Melanie McDonagh Melanie McDonagh

Why has Boris closed the churches?

Photo by OLI SCARFF/AFP via Getty Images

This morning, my son, who’s 17, was turned away from our local church. The designated spaces for people attending mass were full. He tried to book online at the church down the road – they were full too (and last week they turned my daughter away). It was too late to make an online booking for the lunchtime mass at the London Oratory, but the reservations system for the tea-time mass was still open, so he’s booked that, on a system that hilariously resembles the booking system for a commercial theatre, except that it concludes, which they don’t, with God Bless You.

I say this not to expose my failings as a parent in not getting my offspring off to mass early, but to make clear the extent of the self-regulation that the churches are imposing in order to comply with government regulations. You must, moreover, give your details when you turn up, for the track and trace system.

And yet, collective worship is banned from Wednesday night under the new lockdown regime, though individual worship is allowed (supposing churches have the manpower to sanitise spaces used by individuals who drop in to say a prayer). Quite rightly, the Catholic Bishops conference for England and Wales is rebelling at this.
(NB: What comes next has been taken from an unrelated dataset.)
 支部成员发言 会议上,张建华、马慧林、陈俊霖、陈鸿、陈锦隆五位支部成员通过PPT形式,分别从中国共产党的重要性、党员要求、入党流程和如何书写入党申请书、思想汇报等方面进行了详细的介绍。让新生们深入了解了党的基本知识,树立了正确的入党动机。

In their statement they point out:

There is nothing to stop a member of parliament tabling an amendment to remove collective worship from the restrictions.
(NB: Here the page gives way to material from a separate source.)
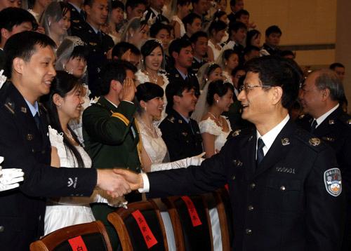 孟建柱會(huì)見參加公安部春晚集體婚禮的100對(duì)新人

‘We have not yet seen any evidence whatsoever that would make the banning of communal worship, with all its human costs, a productive part of combatting the virus. We ask the Government to produce this evidence that justifies the cessation of acts of public worship. To counter the virus we will, as a society, need to make sustained sacrifices for months to come. In requiring this sacrifice, the Government has a profound responsibility to show why it has taken particular decisions. Not doing so risks eroding the unity we need as we enter a most difficult period for our country.’

Yes and yes. The bishops did themselves no favours, and let down their congregations, at the start of the pandemic when they allowed their officious scientific adviser, one Professor Jim McManus, to point out to the Department for Communities the risk of infection posed by churches, which meant that they were shut to all comers for the duration of lockdown – though unlike the abject CofE, at least masses were live-streamed from inside churches rather than from archbishops’ kitchens.

But finally they’ve found some collective backbone. It is in fact very strange to designate religious services as non-essential services, given that going to mass is obligatory for a Catholic, and private prayer before the altar is not only harmless to society (with the necessary precautions) but fundamental to spiritual health. No, not mental health – I did say ‘spiritual’. A Catholic Church has the Eucharist on the altar; it differs, then, from other places of worship.

But if we are to judge this odd decision in language the government understands, attendance at mass or other service is important to mental health. A significant percentage of attendees – about half in my parish – will be elderly and going to a service really matters to them. You may not be able to hang around the church anymore, but you are part of a community when you’re there. You can see your neighbours; it matters.

As the bishops point out, the good work – and it has been really good – that churches have performed in the pandemic relies on a foundation of common worship. In other words, churches do social good, so allow them (as quid pro quo) to say the mass which binds the faithful together.

If the Government can’t grasp the importance of this, perhaps it might be brought home to ministers during the debate on the lockdown measures. There is nothing to stop a member of parliament tabling an amendment to remove collective worship from the restrictions. Or as the bishops put it:

‘The Prime Minister has stated that the draft legislation will be placed before Parliament on Monday 2 November. Members of Parliament will have the opportunity to discuss the issues and vote on the proposed national restrictions. In this short timeframe, questions can be raised with our elected Members of Parliament regarding the cessation of public common worship. They are in a position to require the Government to publish the data that drives the decision to cease public worship under these restrictions.’

An amendment to acknowledge that public worship is not a “non-essential service” could be carried. It falls to some public-spirited MP to table it. Over to you, Iain Duncan Smith.